Una parola rimasta viva sperava di trovare. Una la scorse circondata dal fumo.
“Orfanotrofio” che era un miracolo, così lunga, rimasta incolume. Sillabandola
Prova a ballarci. Poi la piega in due “Orfano” e “Trofio”. Trovato il centro la strappa.
Non è da lui sceglierne la prima parte. Ma di “Trofio” non sa che proprio che farsene.
Se guardo a destra cosa rimarrà sulla sinistra? E se poi subito mi volto, ora, la destra
esiste? Siamo sicuri che domani il numero 7 è ancora inseguito dal numero 6? E
perché il tempo è così incollato allo spazio? Invece di cambiare a suo piacimento
l’ordine del mondo, dribblare gli assi, scambiare i flussi e le figurine dei calciatori?
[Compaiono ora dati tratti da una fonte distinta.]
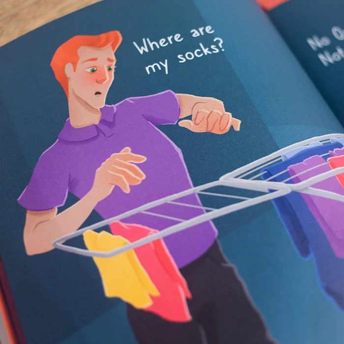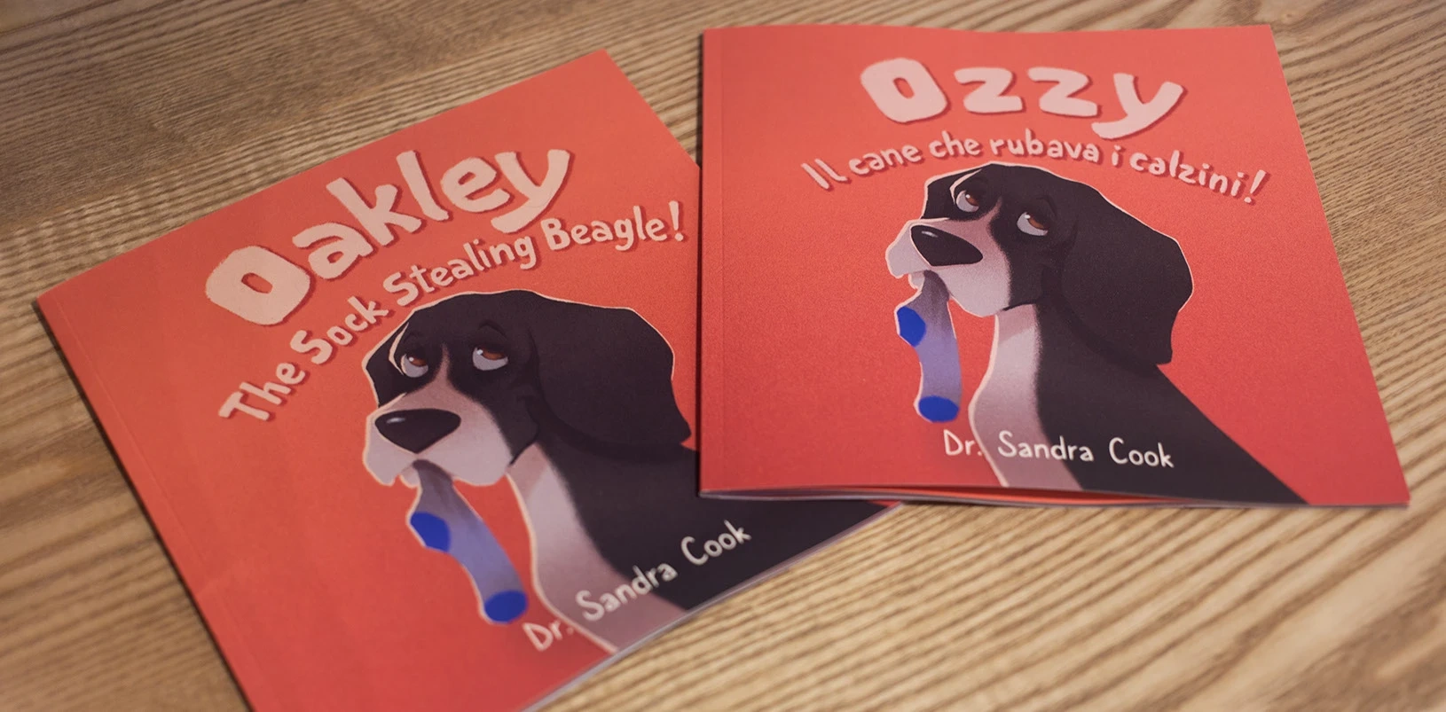 The first book was published in English and Italian. Both the original version and the translation teach little kids new words in a funny way. The story plays with a series of objects, all of which rhyme with the word “socks”. In order to maintain the rhymes in both languages, some of the objects change in the translated edition.

Siamo proprio così sicuri che il caldo va verso il freddo, che proprio gioisca
nell’unirsi in media, in entropia, in entalpia di giubilo e stretta di mano? E i geni,
questi 4 a due a due, usciti per sfregamento di scimmia sulla linea evolutiva, tracciata
a fumetti, pesce d’uccello ad anfibia rettile in ameba protozombie, macchina
polilogaritmica, a Turing gemellare, a cui fosforilazione zuccherosa, toglie i capelli
dalla testa e dalle mie mani il biglietto del tram? Che non sia stato il vento o la mia
psiche o forse, meglio, della psiche del tram, perché pensano anche loro a furia di
fare lo stesso tragitto, a venire premiati di grasse signore, s’impara a connettersi, a
mettersi in rete, a costruire associazioni di pendolari e vecchi punk che puzzano di
vinile. Si formano pensieri anche così? Davvero?
A John Ellis
Desiderio di luna: ruotare attorno illuminata.
Equilibristi sempre caduti e sempre ritornati in piedi. Ma ancora non siamo vivi.
Persino una candela che brucia è più viva di noi.
AND, OR, NOT, NOR la bussola delle nostre decisioni, logica conclusione, genetica
assuefazione, vivi e lascia vivere, morale definizione.
Nessuno danza se non c’è da mangiare.
La felicità non è che un’equazione di banane e sorbetti al limone.
Desiderio di scoglio: sentire frangersi l’onda addosso.
Viaggiatori di treni alla ricerca di una stazione.
Aspettiamo una somma d’uomini per uscir fuori a gridare la nostra euforia.
Nello spazio platonico dei possibili sguardi, abbiamo visto riflessa la storia ulteriore,
quella che non abbiamo preso sul serio e quell’altra perché troppo a noi simile.
Scelta per stacco o solo cambio di prospettiva. E il mondo è lì sotto la pioggia delle
leggi universali.
Catene ripiegate, prigionieri arrotolati, per meglio farci conoscere al tocco dal cieco
gioco del Destino, siamo il sangue che scorre per nutrire la Storia, fatta a nostra
somiglianza e piacimento.
Desiderio di mare: godere dello spacco liquido d’una coda di balena.
Ripetizione continua senza rimorso del creare per dadi, più facile che immaginare,
meno faticoso che calcolare. Proviamo a giungere le mani tutti quanti, fratelli!
Un Dio appare. Con la testa fra le nuvole.
E vorrei vederlo!
Aspetto il lancio buono. Un paio di occhi (magari azzurri).
2000-2017
1) Non leggere Marcel Proust, non ha mai trovato il tempo di farne, o ha perso
tempo e non sa come cercarlo, trovarlo, il Tempo che gli sfugge come un
anguilla o alla francese un anguilette, termine più diminuito e più adatto.
2) Una donna. Si inizia così. Poi le cose si possono anche disporre a tuo favore.
3) Non leggere Oscar Wilde, dalle sue pagine gronda poesia e tante particelle
aspermatiche. Ti si incollano alla gola, alla testa, alle mani.
4) Un’altra donna. La prima è andata via senza dirti nulla. È uscita senza mai
entrare. L’hai persa nel tempo di ricordarla per un attimo. Anche in questo
caso, potresti avere fortuna.
5) Non chiederti perché. Se lo fai, hai fallito come uomo e come padre.
6) Non leggere Katzantzakis. Mai. E’ solo una delle ultime tentazione. Sorvola.
7) Fatti un uovo sbattuto. Scusami. Fatti una donna.
8) Spermidina. Un composto alifatico, quello fatto con tante C attaccate alle H.
Domanda birichina: Chieti è una città alifatica?
9) Oppure trova una ricetta adatta per questi ingredienti: germi di grano,
formaggio cheddar, funghi, piselli, fegatini di pollo, mango e cavolo, che ne so,
“Fegatini di pollo in crosta di pane ai germi di grano, fonduta di funghi, piselli
e cheddar, su una insalatina di cavolo lesso e mango bruciato”.
10) Non leggere Graham Greene.
11) Spermidina comunque. Anche se è un composto che induce le cellule ad
autofagocitarsi.
12) Se non riesci a procreare, infine, automangiati!